# FS: Various SA Fish



## SophieThomas (May 12, 2010)

Five 7.5cm (3") Silver Dollars (Metynnis argenteus): $30 for all *-gone*
These are schooling fish so I will not separate them.

2 Wild caught female Apistogramma Cacatuoides- very beautiful colour: $9 each (bought for $15 each) *on hold*

13 Endlers (6 males 7 females): $10 *-gone*

Pictures of apistos are further down

*All prices are obo

Will trade for Gouramis or Cardinal Tetras*


----------



## SophieThomas (May 12, 2010)

b u m p e t y b u m p b u m p


----------



## InfraredDream (Jun 24, 2010)

Any chances you're coming closer to Burnaby/Vancouver area? I would like some endlers  But you're too far away for me


----------



## SophieThomas (May 12, 2010)

I on occasion make it out that way so I will post when I will be if they are still available.


----------



## SophieThomas (May 12, 2010)

Oh, I will trade for gouramis. We are only selling these guys to make way for a gourami tank


----------



## TCR (Jul 13, 2010)

do u have any nice male endlers?..


----------



## SophieThomas (May 12, 2010)

I have 6 males and 1 that I think is maturing into another male. The green and orange is very vibrant.


----------



## TCR (Jul 13, 2010)

I just moved to abby.. would mind taking a look on my way hope can you pm me ur address and number.. gonna try my hand at breeding them (heard there like guppies but smaller).. i have 1 female in my tank so she seems lonely


----------



## SophieThomas (May 12, 2010)

Pm sent


----------



## Aquaman (Apr 21, 2010)

If your looking for this type 
Google Image Result for http://www.tropicalfishandaquariums.com/Gouramis/BlueGourami4.jpg

I have 2 very healthy ones about 2-3 inches long . I would be VERY interested in your silver dollars to go with the 7 I have in the 180 ( wouldn't that look sweet  ) unfortunatly your way out there .  Maybe you could help out infrared and myself at the same time .  ) If your interested I will give ya 30 for the silver follars and you could have the gourami's for your troubles ....if that appeals to you .
bill


----------



## SophieThomas (May 12, 2010)

Bump Bump


----------



## SophieThomas (May 12, 2010)

Apistogrammas still available. Make an offer


----------



## SophieThomas (May 12, 2010)

Will also accept tetras for the apistos.


----------



## donjuan_corn (May 6, 2010)

SophieThomas said:


> Apistogrammas still available. Make an offer


do you have pictures? i have shitty security at work not sure if there are pictures on this site, can you email me the pics [email protected]

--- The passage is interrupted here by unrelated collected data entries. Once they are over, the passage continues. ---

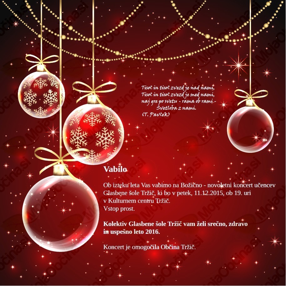 BOŽIČNO - NOVOLETNI KONCERT GLASBENE ŠOLE TRŽIČ
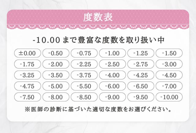 【度数(PWR)】±0.00D/-0.50D〜-5.00D(0.25Dステップ)/-5.00D〜-10.00D(0.50Dステップ)
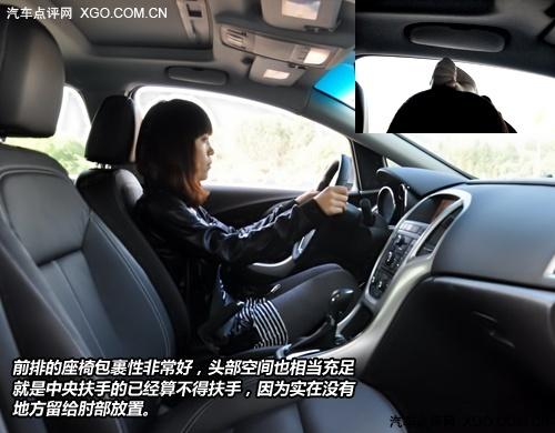 英朗的軸距已經(jīng)達(dá)到2685mm,所以空間上沒有讓我們失望。真皮座椅的舒適度肯定是毋庸置疑的,不僅包裹性和支撐性都非常的不錯(cuò),頭部空間也相當(dāng)充足,雖然圖中體驗(yàn)者身高只有165cm,但是從頭部剩余量上看,對(duì)與180cm的人來說也不會(huì)有太多的壓迫感。而后排空間更是讓人意外,腿部?jī)扇,頭部一拳半的距離對(duì)于這種小車來說已經(jīng)是很奢侈了。
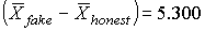 - Compute the sample means for both groups (‘fake’ and ‘honest’).
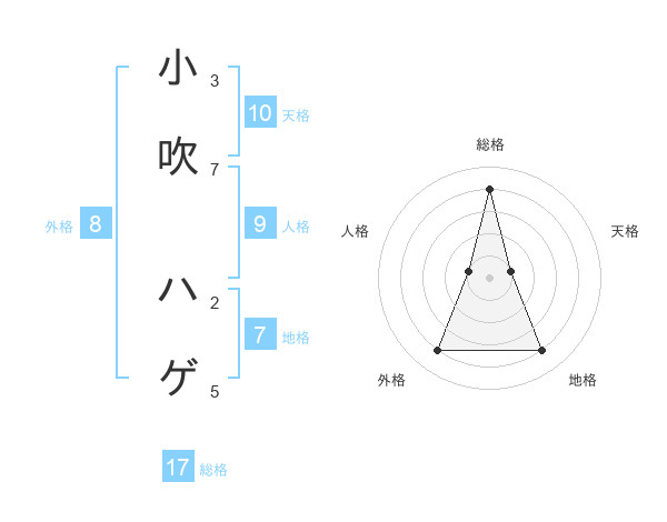 小吹 ハゲさんを姓名の画数から五運を鑑定
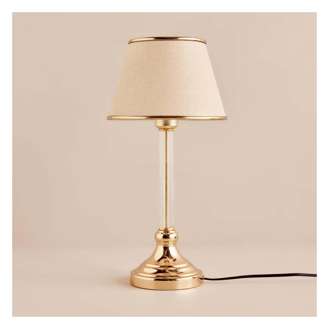 The beige and gold color combination adds a touch of luxury to any space, while the sleek frame and cap's dimensions of 22 cm diameter and 14 cm height create a modern and stylish look. The total height of 45 cm makes it the perfect size for a bedside table or desk.
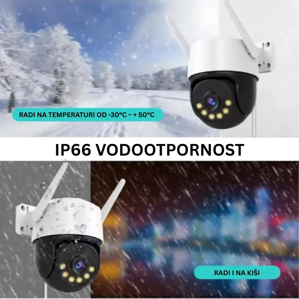 Bez obzira na vremenske uslove, spoljašnja WiFi kamera sa IP66 vodootpornim kućištem radi pouzdano 24/7. Dizajnirana za sve vremenske izazove – od letnjih pljuskova do zimskih mrazeva.
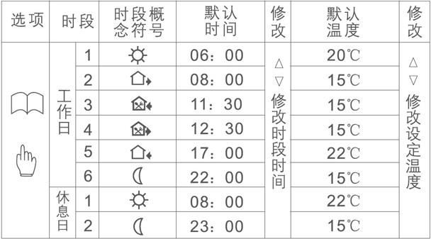 1)工作日的3与4时段的出厂默认温度值与2时段相同(这等同与4时段),请在必要时,修改此默认温度。
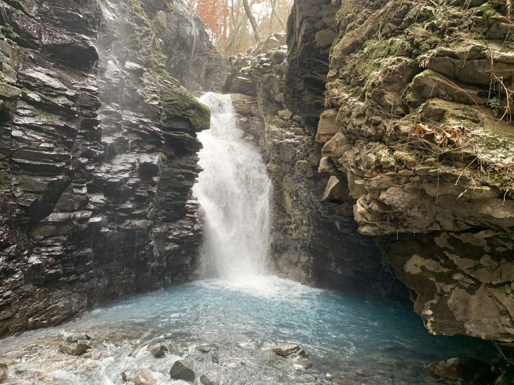 ゴツゴツとした岩から流れる白い滝、ブルーの滝つぼがとても美しかったです。
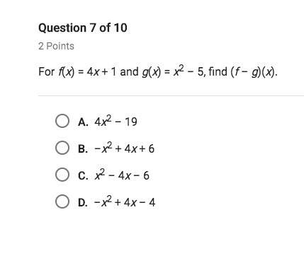 If f(x) = 4x + 1 and g(x) = x^2 - 5, find (f - g)(x)
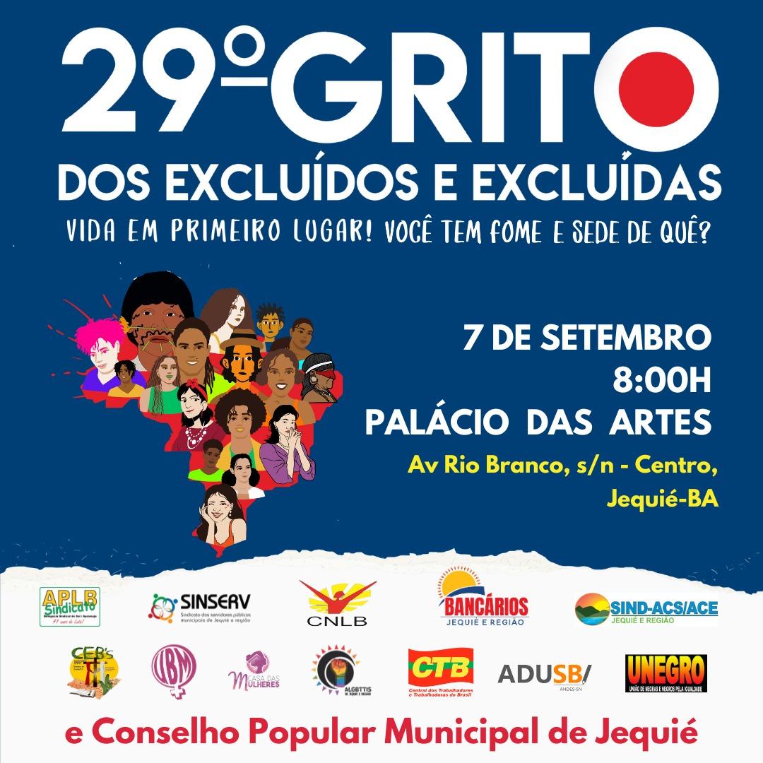 1) Data do 29º Grito dos/as Excluídos e Excluídas: 07-09-2023 (quinta-feira), com concentração às 08h00, em frente ao Palácio das Artes, Av. Rio Branco, S/N, Centro, Jequié;

Might want the Apistogramma Cacatuoides.

Thanks.


----------



## SophieThomas (May 12, 2010)

Millionth edit: lol Their colours vary quite a lot with stress as well as food type. After eating live food they are very vibrant


----------



## SophieThomas (May 12, 2010)

I just realized I promised pictures and didn't put any up! Way to go me, lol.


----------



## donjuan_corn (May 6, 2010)

Do you ever come towards Burnaby? i'll take them.


----------



## SophieThomas (May 12, 2010)

We will be heading out somewhat in that direction on Saturday evening. Other than that we don't plan on being out there for another few weeks (need to visit Island Pets). Would Saturday work?


----------



## donjuan_corn (May 6, 2010)

Sat is great, pm'd


----------



## SophieThomas (May 12, 2010)

Still available. Not suitable tankmates


----------



## Colin (Aug 13, 2010)

PM Sent for the apisto's

Very familiar with apistogramma cacatuoides. Bred them for a few years...


----------